A pragmatic approach is to summarise where it’s structurally true (for example, where you really do own that block end-to-end), and to keep de-aggregation for the cases where you need it deliberately, and document why.

Defaults

Default routes are a great tool when used intentionally. In small branch designs, a default can be exactly what you want, “send everything to the core”. At a cloud edge, a default can be dangerous if it causes accidental internet breakout where you didn’t intend it, or asymmetric paths that make troubleshooting miserable.

If you use defaults, treat them like any other route. Filter them explicitly, set their preference intentionally, and test the failure mode (what happens when the preferred exit disappears?).

How BGP picks a path

BGP path selection looks intimidating until you realise two things:

  1. most of the decision process only matters when you have multiple candidate routes to the same prefix, and
  2. in enterprise designs you tend to use a small handful of attributes deliberately.

We’ll keep this vendor-neutral and focus on the tools you’ll actually use at a cloud and WAN edge.

The simplified mental model

When a router has multiple routes to the same destination prefix, it picks a “best” path by comparing attributes in a consistent order.

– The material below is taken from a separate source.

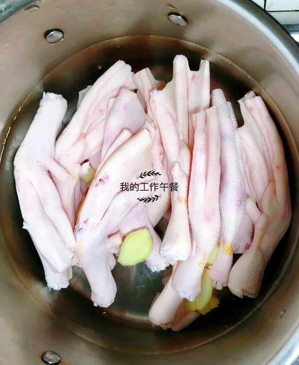 第二步:鍋中放入清水,把鴨腳焯一下水,放點料酒和薑片去腥,煮沸騰再撈起來清洗幹凈。

In practice, for enterprise connectivity, you can think in three buckets: things you set internally to steer your outbound (for example, LOCAL_PREF), things you can signal to a neighbour to influence inbound (for example, MED and AS_PATH), and tie-breakers, where BGP picks something stable when your policy doesn’t decide.

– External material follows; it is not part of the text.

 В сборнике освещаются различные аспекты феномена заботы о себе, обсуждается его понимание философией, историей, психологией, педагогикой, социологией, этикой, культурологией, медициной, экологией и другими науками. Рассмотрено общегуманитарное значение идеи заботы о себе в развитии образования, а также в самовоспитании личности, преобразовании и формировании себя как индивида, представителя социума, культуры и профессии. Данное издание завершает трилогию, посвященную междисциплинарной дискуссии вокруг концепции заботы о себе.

the BGP path selection algorithm (and where it actually applies)

It’s easy to read a “BGP best path” list and assume BGP is making a global routing decision across your whole table. It isn’t.

The important nuance is that the BGP path selection algorithm only runs when you have multiple candidate paths for the same prefix, and it’s effectively comparing like-for-like. Longest Prefix Match (LPM) happens first, which means the “BGP decision process” is, in practice, mostly about choosing between routes of the same prefix length.

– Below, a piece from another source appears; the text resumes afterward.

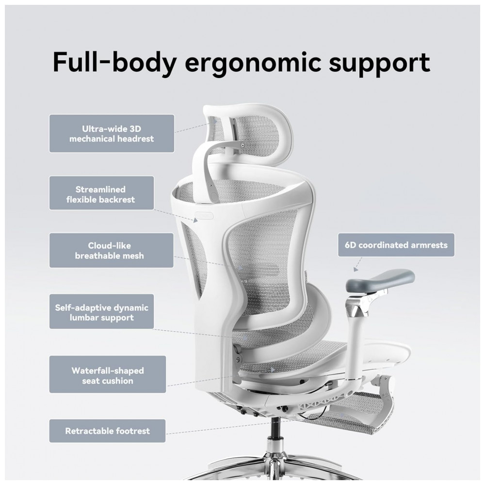Cadeira Ergonômica de Escritório SIHOO Doro C300 Pro com Apoia-pés Cinza Braços 6D Ultra Macios Apoio Lombar Dinâmico Assento Ajustável Modelo C300 Pro

That’s one of the reasons providers often enforce a minimum, maximum, or fixed acceptable prefix length in their routing policy. They’re trying to keep the routing domain sane, and they’re also trying to avoid customers using more-specific prefixes as a cheap trick to bypass policy and traffic engineering.

If you want the rationale for why prefix length wins before any BGP attribute, and why we shouldn’t abuse it, this post is my attempt to explain: Longest Prefix Matching.

Vendor note: the exact tie-break order differs slightly between implementations, and there are settings that can change it. Junos has a good write-up here, including its default MED comparison behaviour and the options that alter it: Junos BGP Documentation

Cisco has a canonical write-up too (and it’s a good reminder that Cisco has router-local attributes like WEIGHT that don’t exist everywhere): Cisco BGP Documentation

The three attributes you’ll use constantly

The three attributes you’ll use constantly are LOCAL_PREF, which is your strongest tool for choosing the outbound exit inside your AS, AS_PATH, which is one of the few levers that naturally propagates beyond your first-hop peer, and MED, which is a hint to a neighbour, with limits.

I’ll go deeper on how to use each of these in Steering outbound traffic and Influencing inbound traffic.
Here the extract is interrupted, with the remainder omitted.